The stroke was on the right side of his brain. He was left paralyzed on the left side and with a neurological condition called Left Neglect, which means that his brain doesn’t process things that happen on his left, so he doesn’t see things to his left, hear sounds that originate on his left, etc.

It’s been nearly nine months and Tom has worked hard every single day to recover. He spent six weeks in ICU, the hospital, and then rehab learning to swallow, sit up, and take his first few tentative steps. He returned home in late July and has continued to put intense effort into physical therapy, occupational therapy, and speech/cognitive therapy. He’s regaining some mobility and strength in his left leg, so he is now able to walk short distances with a walker or cane, mostly in the house. His PT timed him at 1 minute and 53 seconds to get up from a chair, walk 20 feet with a walker, and sit back down in the chair, so it’s not a practical mode of transportation at this time, but it does seem reasonable to think he’ll be able to walk on his own around the house, at least, at some point in the future.
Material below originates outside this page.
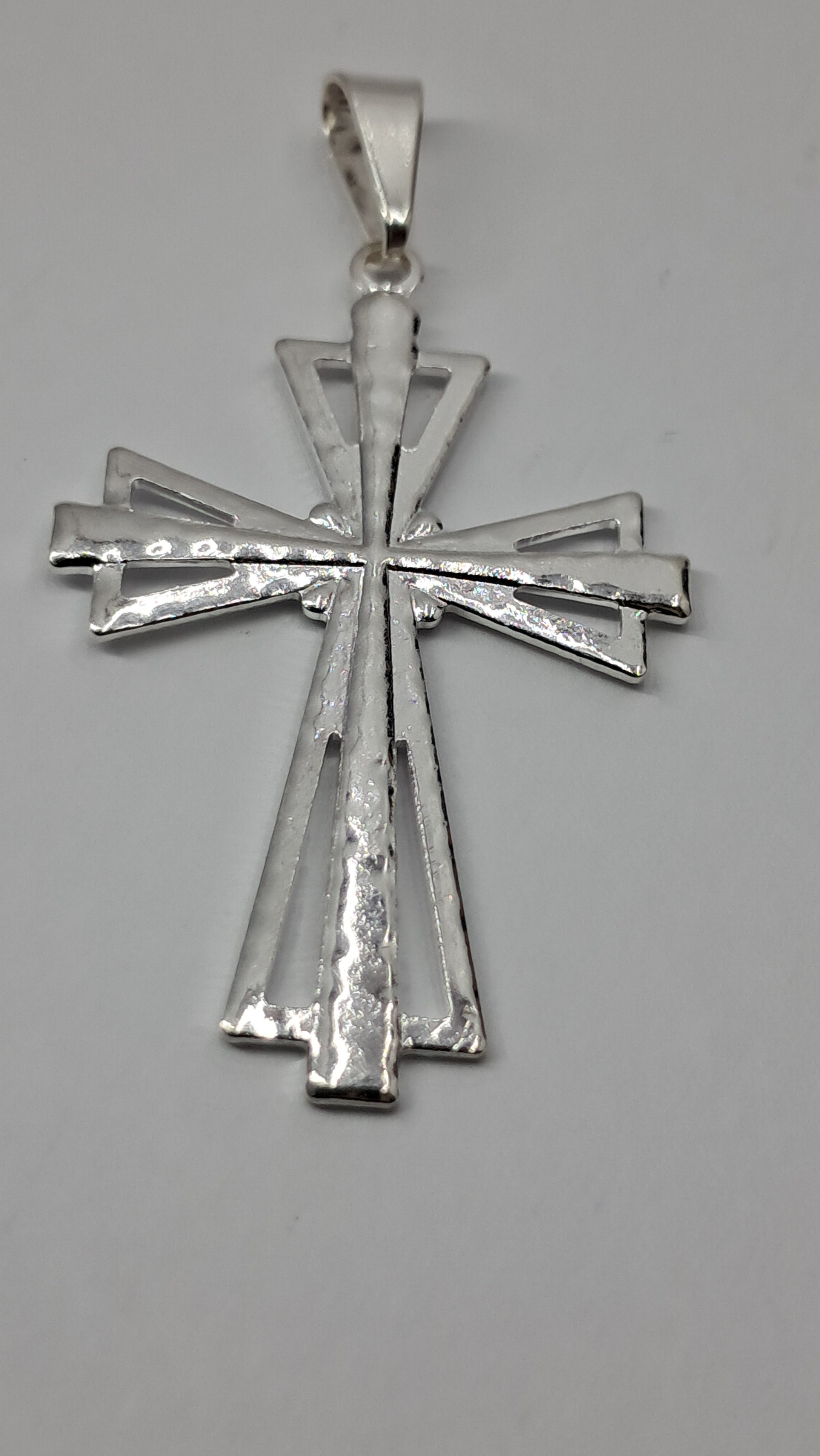 Una cruz moderna y elegante en Plata 925, con un diseño geométrico que combina líneas limpias y textura martillada para darle un brillo único. Ligera (1.6 g) y de 46 mm de alto, es perfecta para quienes buscan una cruz distinta, llamativa y con estilo propio.

Cognitive issues Tom is struggling with include memory problems, trouble understanding numbers, including time, and complications caused by Left Neglect.

I am on partial leave from work to allow for my caregiving responsibilities now. Tom is unable at this time to dress or bathe himself. I manage his doctor/therapy appointments (at least six appointments every week), insurance issues, and his medications (he’s currently on 16). I am his chief cheerleader, dietician, homework coach (speech therapy involves a ton of homework), and general wrangler.

This experience has given me the opportunity to draw on some of the advice I’ve offered on this blog—saying no, primarily. It’s also deepened my commitments to resisting hetero-patriarchy, racism, ableism, and other hegemonies. I’ve been lucky to have access to FMLA leave at my job to support my reduced work, which I’m both grateful for and pissed off about because my non-full time colleagues don’t have access to the same thing. My awareness of ableism is heightened by the frequent and maddening barriers my husband faces in navigating the world from a wheelchair. Despite all the proclamations of anti-racism in academia in the past year (including at my own university, which declared itself “an anti-racist university” without actually doing anything anti-racist) little has actually changed. These experiences and others since my husband’s stroke have continued to piss me off about the same things I was pissed off about before his stroke.

I’m hereby rebooting this blog again—does that make it a re-reboot?

I’ll continue with the same plan I had when I rebooted last year: to post once a week on issues related to resisting hetero-patriarchy, racism, ableism, and other hegemonies, mostly in academia but sometimes beyond.